In this exercise, do the following:
1. Load the dataset used in the time series example - Energy consumption data. You can find it in the notebook "TSA_Example" in Time Series folder in Moodle.
2. Setup a nested MLFlow loop where different modelling experiments can be tracked and the use the dataset in point 1 to experiment and track models. You should do following combinations:
    1. At least 3 model types
    2. At least 3 different feature combinations
    3. At least 3 different options for 3 different hyperparameters
    4. At least 3 different time splits for train test
3. For each option in the combination, you should calculate & log the following in MLFlow:
    1. RMSE
    2. MAE
    3. Plot of actual vs predicted for 1 month data
    4. Plot of actual vs predicted for 1 week of data
    5. All of the combination info in point 2, such as which model, what feature combindation, what hyperparameter, what train test split has been used
4. Turn on MLFlow UI and track your experiments

In [202]:
import kagglehub
import pandas as pd
import numpy as np

from sklearn.preprocessing import StandardScaler
from sklearn.linear_model import Lasso
from statsmodels.tsa.statespace.sarimax import SARIMAX
from sklearn.svm import LinearSVR
from sklearn.kernel_approximation import Nystroem

import time, subprocess 
import mlflow
import mlflow.sklearn
import matplotlib.pyplot as plt
import IPython.display as display
from sklearn.metrics import mean_absolute_error, root_mean_squared_error


In [203]:
kagglehub.dataset_download("robikscube/hourly-energy-consumption")
file_path = "C:\\Users\\Hassan\\.cache\\kagglehub\\datasets\\robikscube\\hourly-energy-consumption\\versions\\3\\PJME_hourly.csv"
data = pd.read_csv(file_path)
data.head()



Unnamed: 0,Datetime,PJME_MW
0,2002-12-31 01:00:00,26498.0
1,2002-12-31 02:00:00,25147.0
2,2002-12-31 03:00:00,24574.0
3,2002-12-31 04:00:00,24393.0
4,2002-12-31 05:00:00,24860.0


In [204]:
def func(ts_df):
    #making sure its in datetime format
    ts_df['Datetime'] = pd.to_datetime(ts_df['Datetime'])
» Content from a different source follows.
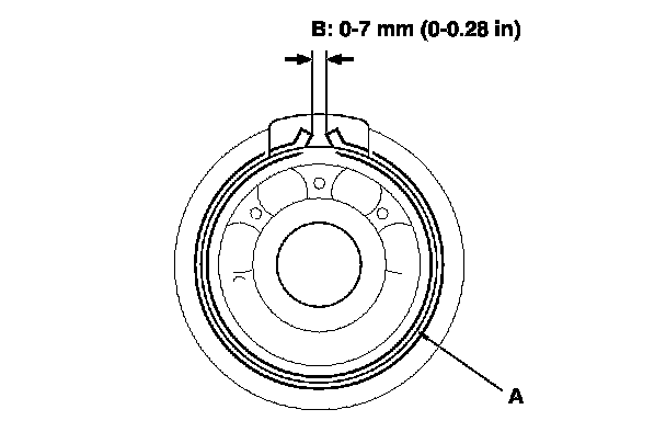 6. After installing the bearings, check that the snap rings (A) are seated in the bearing and the transmission housing grooves, and that the snap ring end gaps (B) are correct.

    #Setting and sorting by index - getting chronological data
    ts_df.set_index('Datetime', inplace=True)
    ts_df.sort_index(inplace=True)
    #removing duplicates my keeping the first in order of occurance
    ts_df = ts_df.groupby(ts_df.index).first()
    
    # Convert time series hourly frequency, find the missing timestamps, set to N/A and interpolate all N/A values.
    missing_timestamps = ts_df.index[ts_df.isna().any(axis=1)]
    ts_df = ts_df.reindex(missing_timestamps.union(ts_df.index))

    ts_df = ts_df.asfreq('h')
    ts_df = ts_df.interpolate(method='linear')
    # extracting specific components from the datetime index
    ts_df["hour"] = ts_df.index.hour
    ts_df["day"] = ts_df.index.day
    ts_df["month"] = ts_df.index.month
    ts_df["weekday"] = ts_df.index.weekday


    return ts_df


In [205]:
data = func(data)

In [206]:
data

Unnamed: 0_level_0,PJME_MW,hour,day,month,weekday
Datetime,Unnamed: 1_level_1,Unnamed: 2_level_1,Unnamed: 3_level_1,Unnamed: 4_level_1,Unnamed: 5_level_1
2002-01-01 01:00:00,30393.0,1,1,1,1
2002-01-01 02:00:00,29265.0,2,1,1,1
2002-01-01 03:00:00,28357.0,3,1,1,1
2002-01-01 04:00:00,27899.0,4,1,1,1
2002-01-01 05:00:00,28057.0,5,1,1,1
...,...,...,...,...,...
2018-08-02 20:00:00,44057.0,20,2,8,3
2018-08-02 21:00:00,43256.0,21,2,8,3
2018-08-02 22:00:00,41552.0,22,2,8,3
2018-08-02 23:00:00,38500.0,23,2,8,3


# 2. Setup a nested MLFlow loop where different modelling experiments can be tracked and the use the dataset in point 1 to experiment and track models. You should do following combinations:
    1. At least 3 model types
    2. At least 3 different feature combinations
    3. At least 3 different options for 3 different hyperparameters
    4. At least 3 different time splits for train test

In [None]:
# Regression task - picking LinaerSVR, SARIMA and Lasso
# Originally wanted ot pick Support Vector Regression, however per its documentation it noted this was time complexity was "more than quadratic" to that would've been a timesink.
# scikit-learn documentation suggested to go with LinearSVR. 
# LinearSVR should good for regression tasks, scales up with the number of samples especially well if you use a Nystroem transformer ontop of it.
# this requires scaling the data with StandardScaler per the documentations example (https://scikit-learn.org/stable/modules/generated/sklearn.svm.LinearSVR.html#sklearn.svm.LinearSVR)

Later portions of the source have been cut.